## WHAT YOU ARE ASKED TO DO
Pictures are to be left out, and only the lines from the one containing "Bollerwagen mit Haube" through the last line of the data are to be returned exactly.

## DATA EXTRACT
————

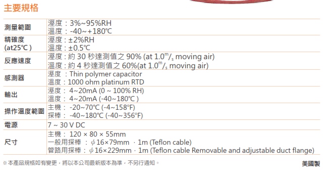 RH/Temp transmitter( -40degc~+180degc) for control/monitoring purpose. A very robust sensor(w/ transmitter) for high temperature environment. Made in USA.
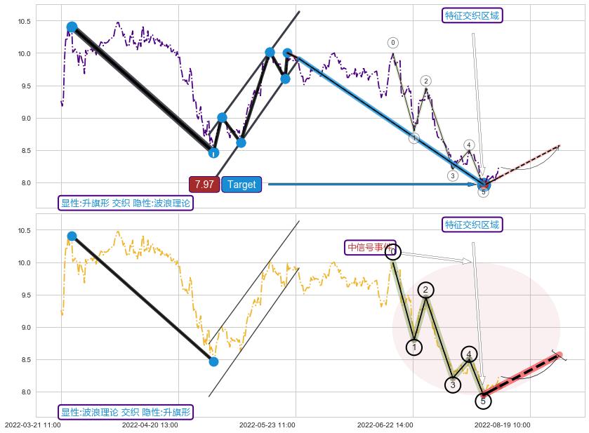 ➢ 波浪理论下跌浪:浪5反弹拐点 🔜 升旗形target支撑拐点上涨 综合量化分数:55.42 【偏多】
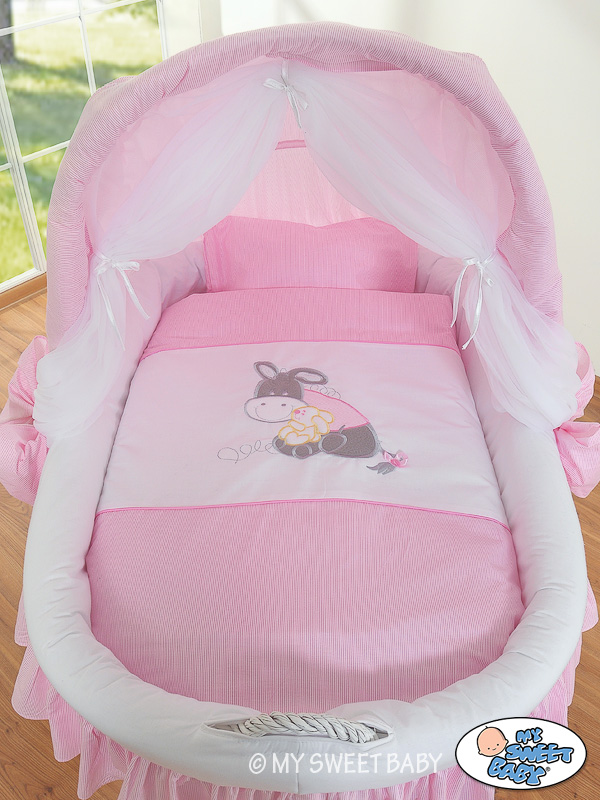 Bollerwagen mit Haube - Bettwäsche Esel Luca rosa Eine ausgezeichnete Lösung für kleine Wohnungen oder Haus. Leise Räder ermöglichen eine einfache Einstellung des Korbs. Dank dessen ist das Kind immer bei dir. DER GRÖßTE WAGEN AUF DEM MARKT!
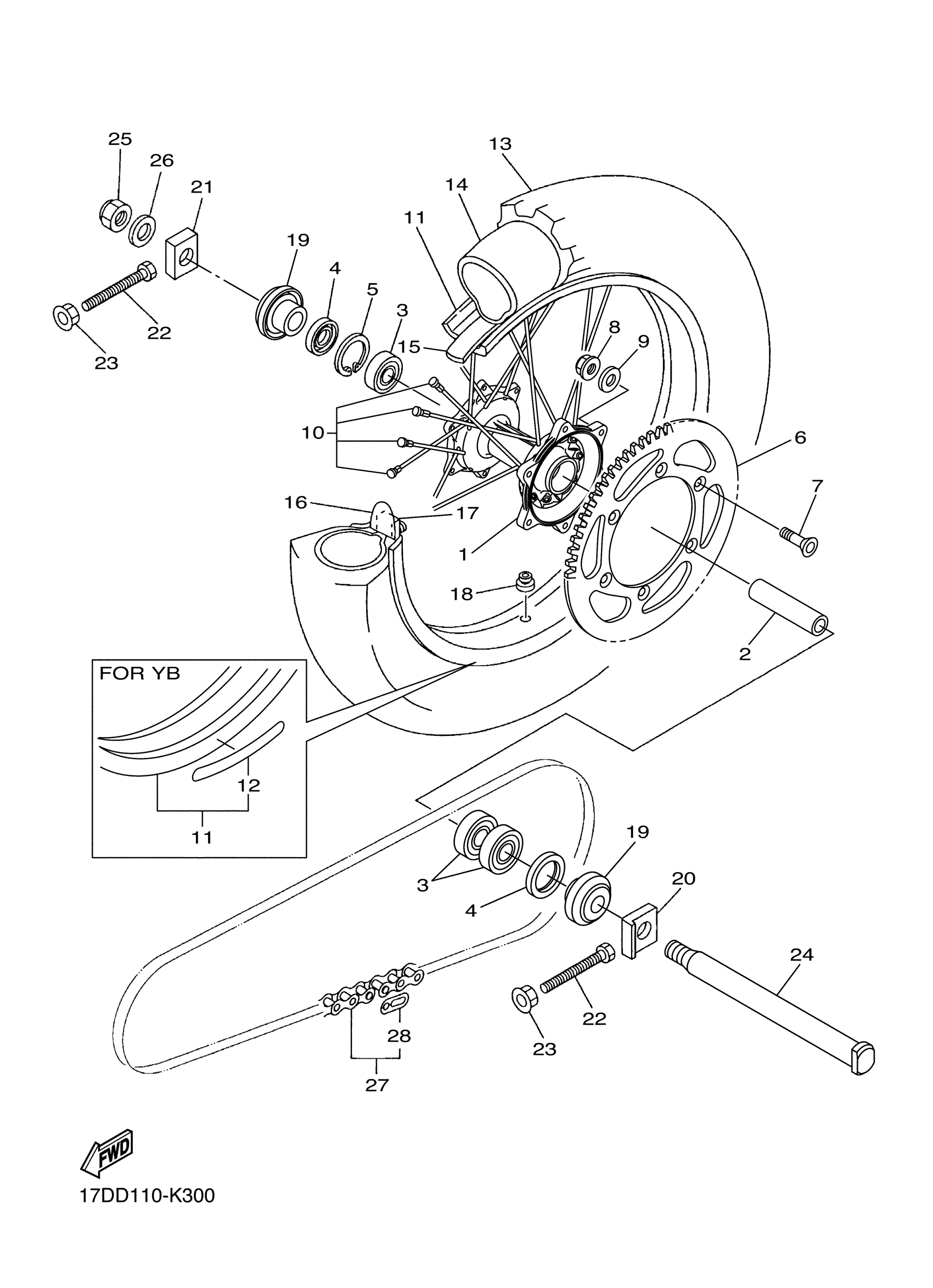Yamaha YZ250FAL (YZ250F) 17DD0 2011 REAR WHEEL Diagram

————

## TASK SOLUTION
 Bollerwagen mit Haube - Bettwäsche Esel Luca rosa Eine ausgezeichnete Lösung für kleine Wohnungen oder Haus. Leise Räder ermöglichen eine einfache Einstellung des Korbs. Dank dessen ist das Kind immer bei dir. DER GRÖßTE WAGEN AUF DEM MARKT!
Yamaha YZ250FAL (YZ250F) 17DD0 2011 REAR WHEEL Diagram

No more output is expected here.